Data listing:
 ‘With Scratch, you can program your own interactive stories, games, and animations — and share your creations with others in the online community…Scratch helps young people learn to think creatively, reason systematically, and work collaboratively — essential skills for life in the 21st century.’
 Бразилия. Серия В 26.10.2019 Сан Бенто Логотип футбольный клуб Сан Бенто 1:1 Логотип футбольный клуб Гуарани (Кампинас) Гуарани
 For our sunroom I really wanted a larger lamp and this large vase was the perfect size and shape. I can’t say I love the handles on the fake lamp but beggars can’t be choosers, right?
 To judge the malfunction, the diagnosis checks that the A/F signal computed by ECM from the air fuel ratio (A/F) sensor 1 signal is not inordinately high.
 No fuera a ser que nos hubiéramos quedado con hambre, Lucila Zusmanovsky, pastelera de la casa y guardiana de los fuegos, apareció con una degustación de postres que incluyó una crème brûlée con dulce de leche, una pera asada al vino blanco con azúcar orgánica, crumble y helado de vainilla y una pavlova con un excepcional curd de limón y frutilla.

* * *

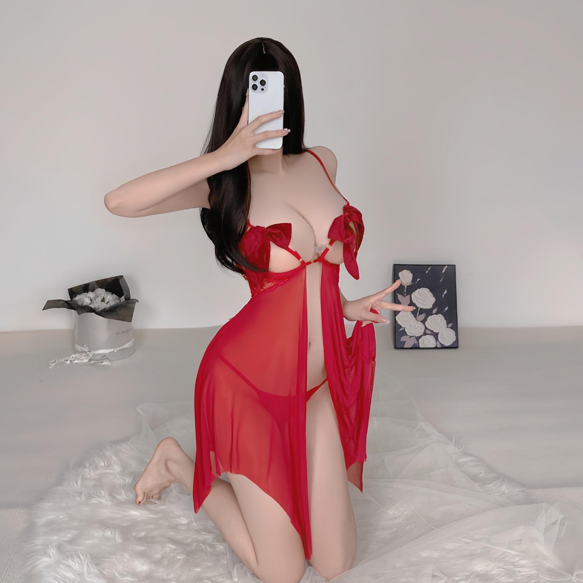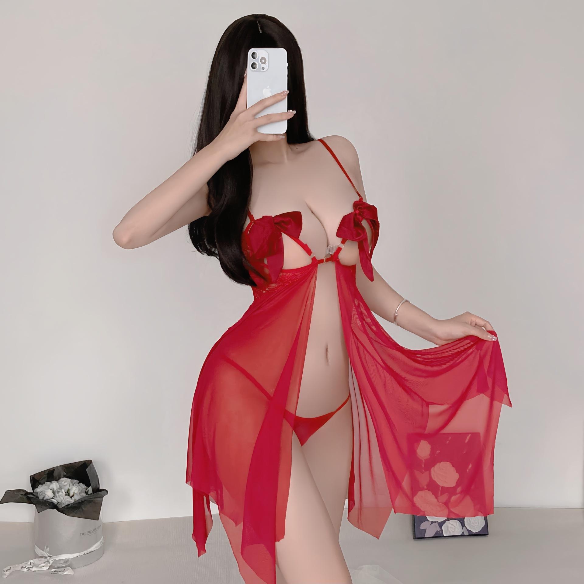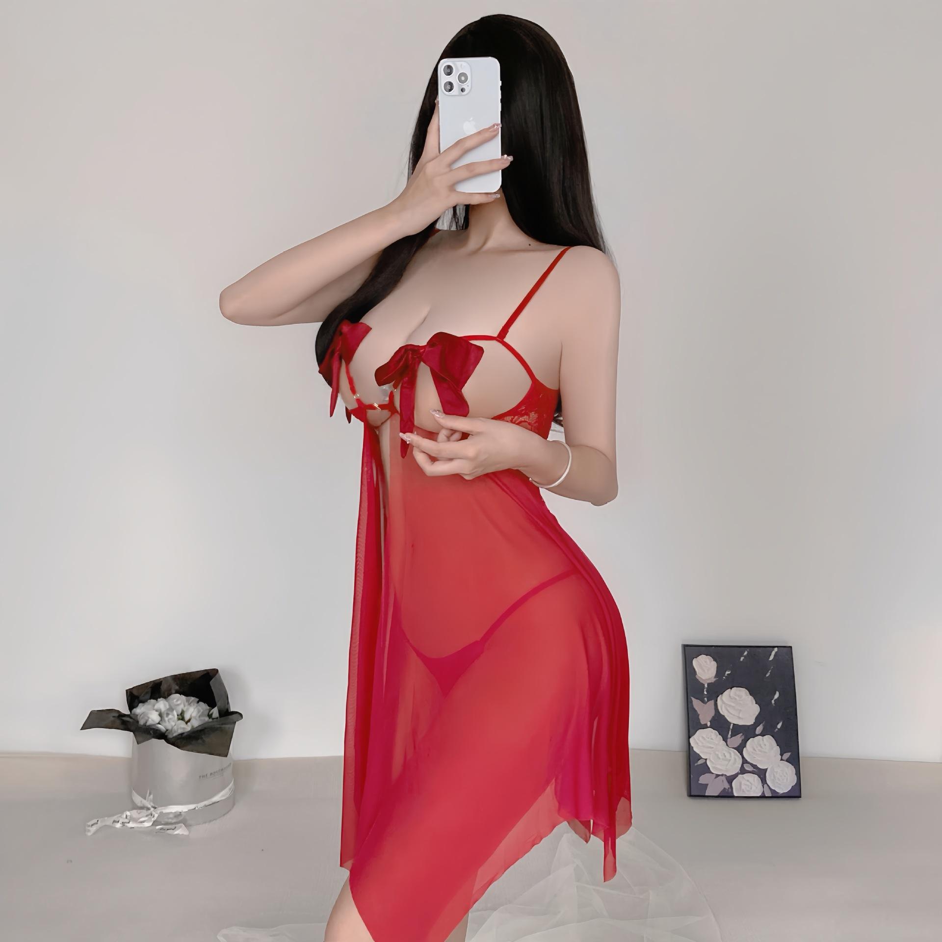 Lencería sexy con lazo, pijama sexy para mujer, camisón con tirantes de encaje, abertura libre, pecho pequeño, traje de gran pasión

Instructions to follow: In the listing above, find the line with "For our sunroom" and the line with "To judge the", then reproduce both and every line between them exactly.

Task result:
 For our sunroom I really wanted a larger lamp and this large vase was the perfect size and shape. I can’t say I love the handles on the fake lamp but beggars can’t be choosers, right?
 To judge the malfunction, the diagnosis checks that the A/F signal computed by ECM from the air fuel ratio (A/F) sensor 1 signal is not inordinately high.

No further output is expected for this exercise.